Mbathio Beye was crowned the first “Miss Black France” April 28 under a heavy cloud of controversy in the still racially-charged city of Paris.
The exclusive contest was created to celebrate Black beauty in a way traditional beauty contests failed to do, one organizer said.
“The Traditional Miss France contest is not representing today’s French population accurately. There are usually very few Black candidates in it,” Frederic Royer, one of the organizers of Miss Black France, told AFP. “Our contest aims to focus on these women, who are rarely given any media attention.”
The pageant was a joint project between the French Representative Council of Black Associations (CRAN) and the organizers of the traditional Miss France competition, according to RT.com.

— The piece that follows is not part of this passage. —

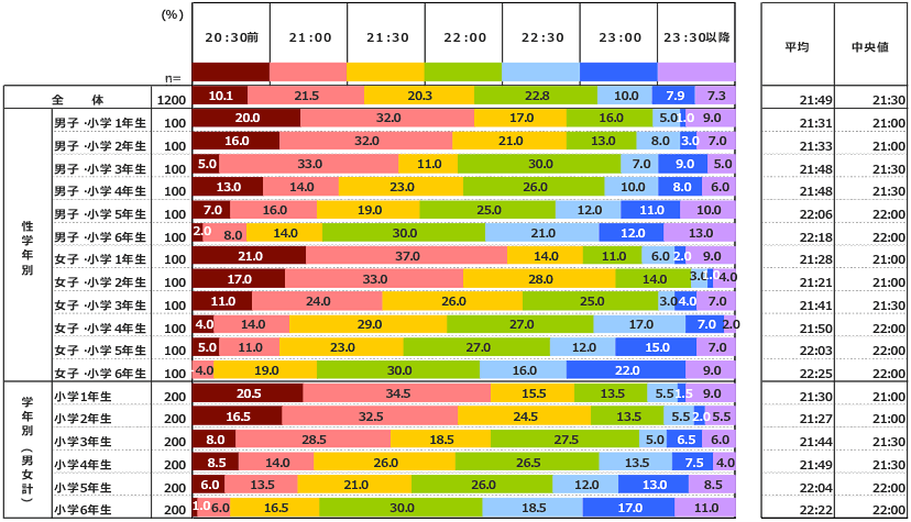 前述の「起床時刻」とは異なり、こちらは学年が上がるにつれて、遅い時刻になっている。グラフの下部、学年別(男女計)でみると、その傾向が明確だ。1年生では「20:30前」20.5%が6年生では1.0%。逆に「23:30以降」は1年生が9.0%、6年生が11.6%となっている。起床時刻が学年で変わっていないので、高学年になるほど、睡眠時間が減っているということになる。低学年では平均で9時間ぐらい寝ているが、高学年では8時間ぐらい、約1時間少ない計算となる。

But many decried the contest as unnecessary, divisive, “stupid” and even “dangerous.” Even CRAN’s founder and former president Patrick Lozès called it hardly “progressive.”
“This logic is detrimental to the values of French society,” he said, according to the Black women’s website Madame Noire. “If I think that there are not enough Black people in the most prestigious schools and companies, am I going to go create establishments exclusively reserved for Blacks?”
He later said such exclusive events undercut attempts at integrating Blacks into French society.
“Everything possible must be done so that these people recognize themselves as French, and not as Black people living in France,” he added. “We can’t start having ethnically exclusive contests if our ultimate goal is to have all-inclusive national contests. It’s a serious strategic error.”
Historian Pascal Blanchard, a specialist in immigration at France’s National Centre for Scientific Research, shot down the initiative’s supporters who pointed to ethnically-exclusive beauty contests in the United States.
“I know that in the U.S., there are ethnic beauty contests. The fact that they’re tolerated doesn’t change my mind,” he said. “Anytime that anyone, no matter where in the world, talks to me about a contest reserved for a specific racial category, I hit the roof!”
Despite the philosophical wrangling, the show went on. In the end, Beye, a 21-year-old marketing student from Senegal, won after being selected from a pool of 1,000 applicants and beating out 16 other finalists.